Now, prominent modern-day Republicans are helping legitimize a growing effort to roll back the guarantee of citizenship to all children born on U.S. soil, regardless of their parents' immigrant status. In the same way that excess moisture in the atmosphere feeds a violent downpour, anxieties produced by bad economic times have fueled a dark surge of anti-immigrant sentiment. Demands for a new crackdown on illegal immigration are being heard from Arizona to Maryland's Eastern Shore as the campaign season heats up, with conservative Republicans leading the charge.

Critics of birthright citizenship claim illegal immigrants are now coming to America in droves for the express purpose of delivering "anchor babies," newborns whose automatic citizenship not only confers a host of benefits on the children but could make it easier for their relatives to become U.S. citizens when these babies turn 21. No one knows how many women come illegally simply to deliver a child, though indications are the numbers are very low. Research indicates that the overwhelming majority of illegal immigrants who give birth here have been in the U.S. for at least a year.

Still, it's hard to argue with another statistic that seems to bolster the case for repeal: About one of every 12 children born in the U.S. in 2009 was the offspring of illegal immigrants, a sharp increase from six years earlier, according to a recent Pew Hispanic Center report. Those figures reflect the fact that illegal residents tend to be younger, on average, and thus more likely to be of child-bearing age, according to demographers.

Opinion surveys show that Americans are evenly divided over whether to end birthright citizenship. But a two-to-one majority of conservative Republicans favors a ban.

Little surprise, then, that Republican politicians in growing numbers are lending aid and comfort to birthright critics. Sen. Lindsey Graham of South Carolina was one of the first to call for changing the 14th Amendment. Even Sen. John McCain, once a leader on immigration reform but facing a conservative challenge in next week's Arizona GOP primary, favors congressional hearings on the proposal.

The issue has the potential to energize Republican voters right through the fall and might win over independent voters, too, improving Republican chances of taking back control of Congress. Whether the short-term gain is worth the likely long-term cost is another matter.

Some Republicans are warning that pushing for repeal poses an existential threat to the party. Conservative commentator Linda Chavez, a former Reagan White House aide and U.S. Senate candidate in Maryland, has called it "a terrible idea." Pushing for repeal, as Ms. Chavez and others point out, not only betrays a bedrock American value — the ever-expanding view of what it means to be an American — but is profoundly stupid in practical terms. "It will unquestionably jeopardize the electoral future of the GOP by alienating Hispanics, the largest and fastest-growing segment of the U.S. population," Ms. Chavez recently wrote in The Wall Street Journal.

Cynical Republicans, including Ohio Rep.
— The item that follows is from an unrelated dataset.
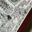 ボディー・トップの大きなアルミ合金プレート全面に、ゼマイティスらしいリーフ・デザインの彫金装飾が刻まれたクラシックなルックスが特徴です。
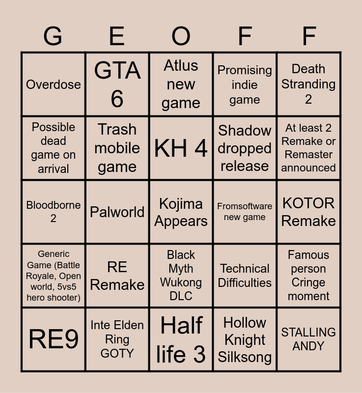 This bingo card has a free space and 24 words: RE9, RE Remake, KH 4, Hollow Knight Silksong, Death Stranding 2, Overdose, GTA 6, Atlus new game, Fromsoftware new game, KOTOR Remake, Bloodborne 2, Trash mobile game, Technical Difficulties, Famous person Cringe moment, Possible dead game on arrival, Inte Elden Ring GOTY, Half life 3, Promising indie game, At least 2 Remake or Remaster announced, Generic Game (Battle Royale, Open world, 5vs5 hero shooter), Palworld, Black Myth Wukong DLC, Shadow dropped release and STALLING ANDY.

John Boehner, the minority leader who would replace Nancy Pelosi as speaker if his party takes back the House, are willing to encourage critics of birthright citizenship for a simple reason: They know the 14th Amendment won't be modified.

Repealing the birthright provision would require a two-thirds vote of each house of Congress and ratification by three-fourths of the states. That's a virtual impossibility, given the public split on the matter. When the election is over and passions fade, the issue will recede into the background, as it has repeatedly since the 1800s. If Congress really wanted to limit the number of children born to illegal immigrants, the way to do that would be to finally reduce the number of illegal immigrants, not rewrite the Constitution.

By lending support to those who would turn back the citizenship clock to the days of slavery, Republicans may well be dealing themselves a severe blow. A large and growing segment of the American population is unlikely to forget that one of the two major parties again showed extreme hostility to minorities, whose pivotal role in the 2008 presidential election signaled the dawn of a new era in U.S. politics. Republican willingness to encourage the birthright-repeal movement, with its borderline racism (75 percent of illegal immigrants are Latinos), will stamp them once more as America's white party, a doomed distinction in a land whose increasing racial and ethnic diversity is an irreversible fact of life.